Applied Underwriters and its Centauri subsidiaries have affirmed a commitment to underwriting in the Gulf Coast markets, despite recent developments in the sector.
The firm said its Centauri Specialty Insurance and Centauri National Insurance offshoots were still writing new business after ending 2021 with good results, entering 2022 with its ‘A’ rating affirmed by Demotech, the national rating agency, and having its reinsurance treaties completed early enough to avoid capacity problems.
Steve Menzies, chairman of Applied Underwriters, said in a statement: “We are standing solid in the market for our many brokers and their insureds with no compromises in our financial integrity or product quality, as brokers and consumers anxiously seek coverage—often on tight deadlines for renewals and new policies. The demand created by other insurers’ insolvencies and lack of adequate reinsurance financial backing is high, and our staff is meeting it efficiently, with an overall firm delivery commitment that will help sustain the market in the various states around the Gulf and serve our brokers and customers.”
He added: “Since acquiring Centauri, we have increased its infrastructural facilities, collaborating with Applied’s national operations platforms that are among the most sophisticated in the world. Applied’s approach in every one of our insurance operations across the globe has been to create operational, informational, infrastructural and financial foundations that support our companies in every circumstance. We have set just such a construct at Centauri.”
Menzies called the conflict between some states’ legislative positions and the efforts of insurers and the departments that regulate them as a key element of the stress on the entire system.

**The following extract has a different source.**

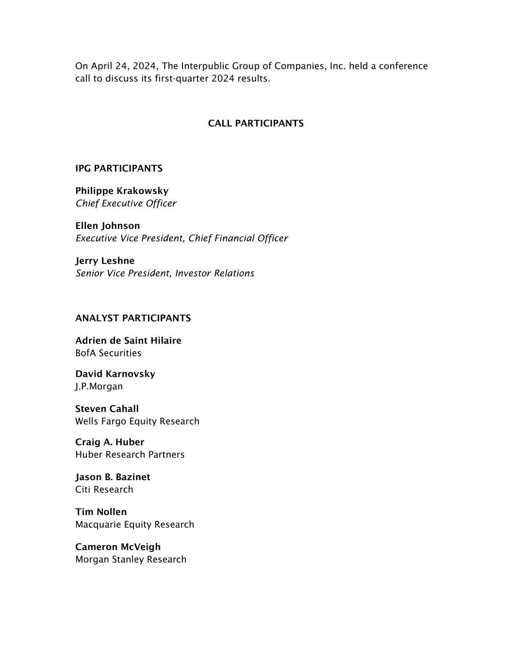 On April 24, 2024, The Interpublic Group of Companies, Inc. held a conference call to discuss its first-quarter 2024 results. CALL PARTICIPANTS IPG PARTICIPANTS Philippe Krakowsky Chief Executive Officer Ellen Johnson Executive Vice President, Chief Financial Officer Jerry Leshne Senior Vice President, Investor Relations ANALYST PARTICIPANTS Adrien de Saint Hilaire BofA Securities David Karnovsky J.P.Morgan Steven Cahall Wells Fargo Equity Research Craig A. Huber Huber Research Partners Jason B. Bazinet Citi Research Tim Nollen Macquarie Equity Research Cameron McVeigh Morgan Stanley Research
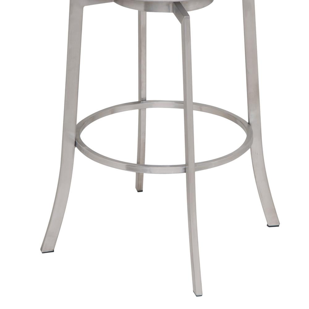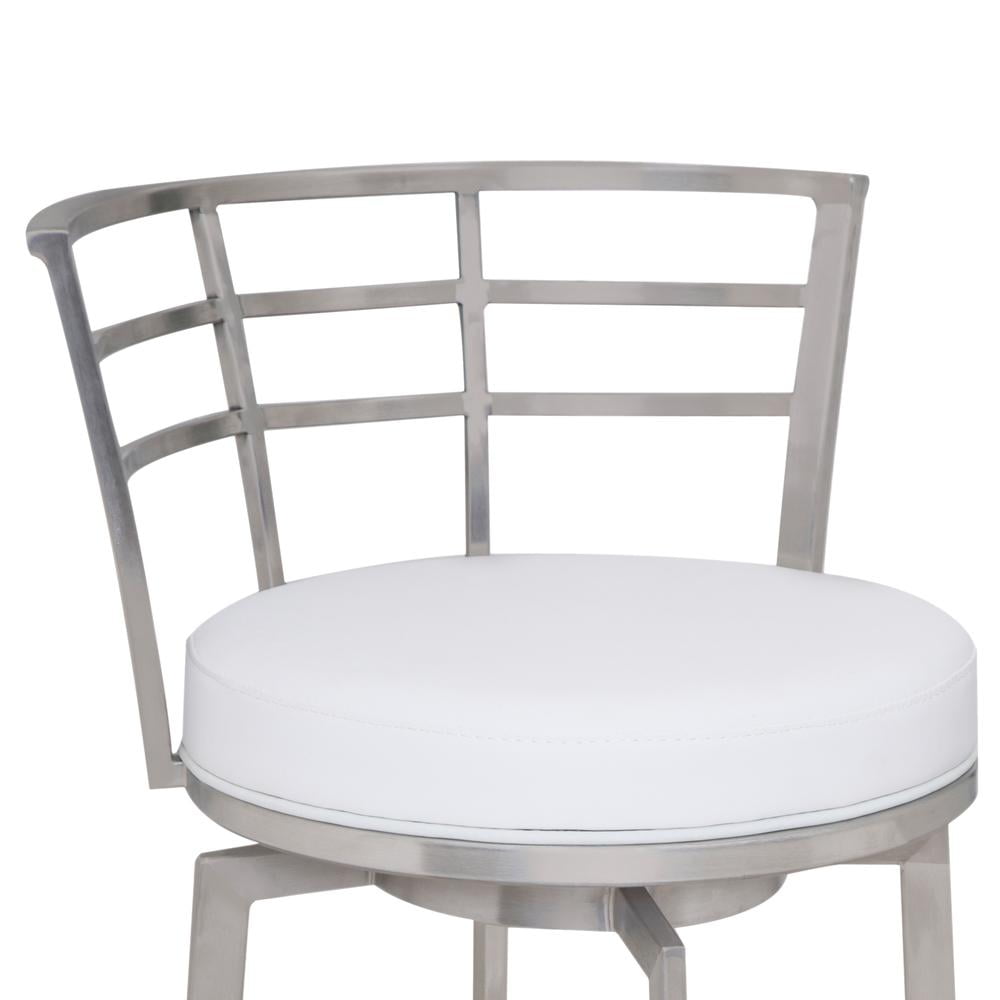 Material: Faux leather, metal Finish: White, brushed stainless steel Perfect for a stunningly contemporary home Full-Bearing 360° swivel Polyurethane upholstery Brushed stainless steel construction Sturdy construction for years of enjoyment

He added: “Everyone involved in the provision of homeowners insurance works hard to keep the dikes from bursting even in the face of hurricanes and other catastrophic events, but invariably we find ourselves having to wrestle with state legislative measures that ceaselessly work to create a veritable bonanza for plaintiff’s lawyers. Legislatures are lobbied hard and wind up enabling predatory exploiters to extract billions from the system, profiting themselves but leaving the insurance market under extraordinary duress, even, to some degree, broken or, in some quarters, on the verge of collapse.”
He concluded: “Even all of the discipline and sophistication of Applied and its subsidiaries cannot perdure many more years of unjust awards and irrational, frivolous lawsuits. It is our hope that it ends soon and provides some additional strength to the market place. Our insureds in the Gulf states deserve better.”